HOUSTON, May 30, 2012 – For the past 41 years at the University of Houston, James Anderson has built an impressive legacy, whether through teaching students at the College of Education, writing academic articles and papers, or representing UH in his current position—executive associate to UH System Chancellor and UH President Renu Khator.
With his retirement from UH, effective June 1, Anderson has earned a well-deserved rest – which his track record says will last only until he identifies a new way to have an influence. Anderson has always led a productive life. As a young man, he followed in the footsteps of his parents, both of whom were educators. He obtained a Bachelor of Arts in political science from the University of Kansas, a Master of Science in education from Kansas State Teachers College and a Ph.D. in social science education from The Ohio State University. After graduation, he elected to start his career at UH for two reasons — an opportunity to make a difference and to live in a growing city.

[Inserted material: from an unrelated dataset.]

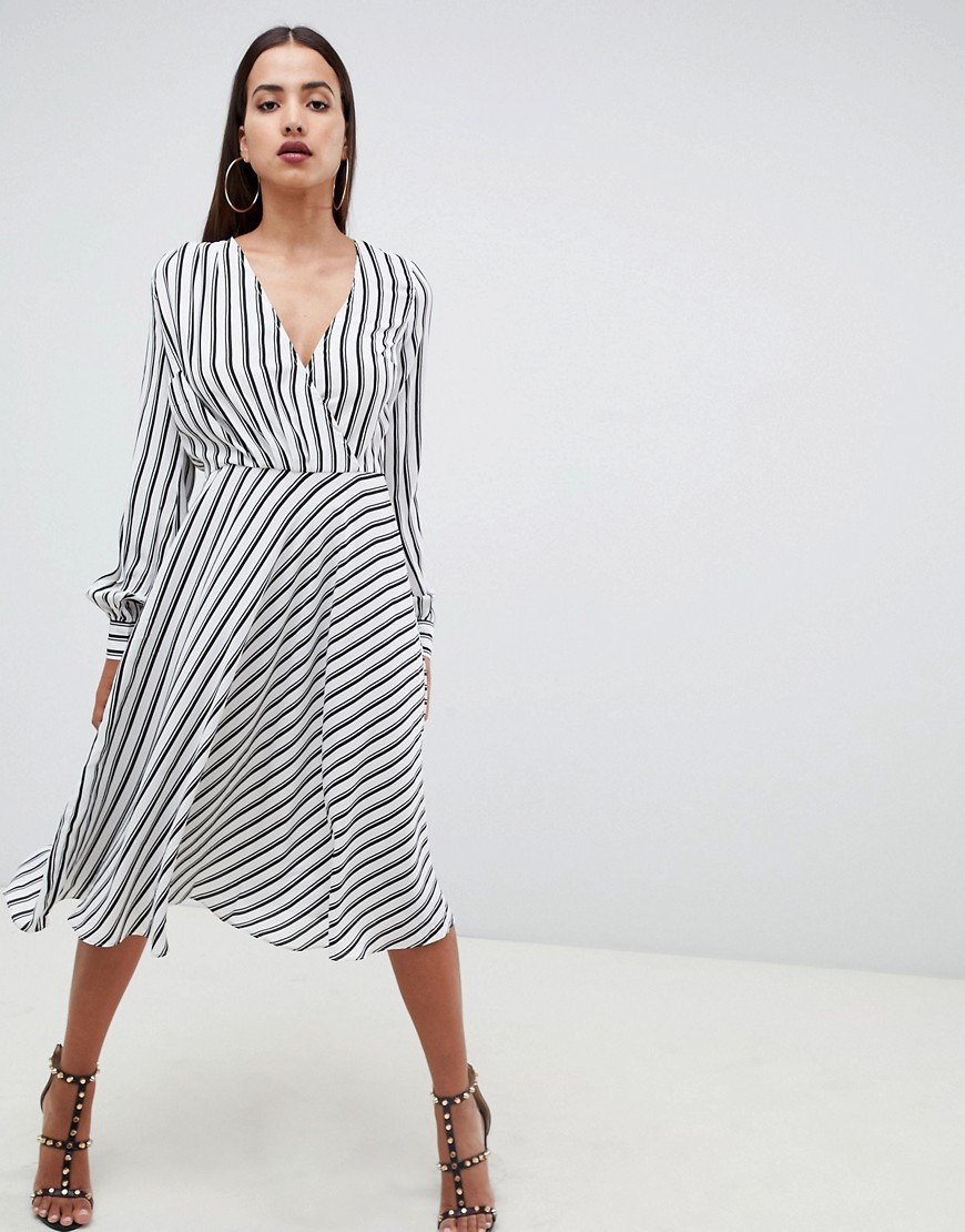 Biała Czarna Sukienka midi dekolt v w paski L 40

“The recruiting team from UH wanted me to come because they thought I could be helpful to the College of Education, the University of Houston and the city in helping them work on problems regarding diversity, how and what people were taught in schools about culture, and legal issues related to segregation, integration and diversity that public educational institutions were facing at that time,” Anderson says.
His father also influenced his decision.
“My father told me he thought Houston was going to be a great town one day, that it would be a city where he thought new people and new ideas could take root and that a person could come and make a real contribution, exist in a growing economy and raise a family in a good environment,” he says.
Since those early years, Anderson has served as a tenured education professor, director of UH’s International Multicultural Education Institute and a member of various Fulbright Scholars national selection committees. He is the author of various articles, papers and monographs and was a co-editor of The Journal of Educational Equity and Leadership for five years. Additionally, Anderson is the recipient of various honors and awards including the Gold Prize Award in Black History presented by the International Film and Television Festival and the Lyndon B. Johnson Space Center Award for Excellence in Equity and Communication.
In his current position, he represents Khator in a wide range of external and internal university activities, serving as a liaison to communities, businesses, civic and governmental agencies; developing university partnerships and related academic activities; and working with the Office of the President’s projects and initiatives. During his more than four decades at UH, Anderson has seen the university outgrow its Cougar High image.
“The greatest changes I’ve seen at the university would first be its intellectual maturation, including the quality of faculty, our curricula offerings and the newly evolving global relations and focus for preparing our students,” Anderson says. “We are, comparatively, a very good university in so many ways. The second is the long and continuing transformation from being an “island in the sea” with very limited relations to the city we live in to the designation from the Carnegie Foundation for the Advancement of Teaching’s highest community engagement classification.”
As Anderson finishes his last hectic week on campus, he looks forward to peaceful days, spending more time with his family and traveling with his wife. But, he says with a smile, he may take a break from his life of leisure to consult and, perhaps, write a book.
“I think the most exciting thing that I will miss will be my experiences in being able to possibly affect somebody’s ideas or thinking,” Anderson says. “I’ll miss the many times I have been blessed with helping make something good happen to children, students and people in this city in the name of the University of Houston.”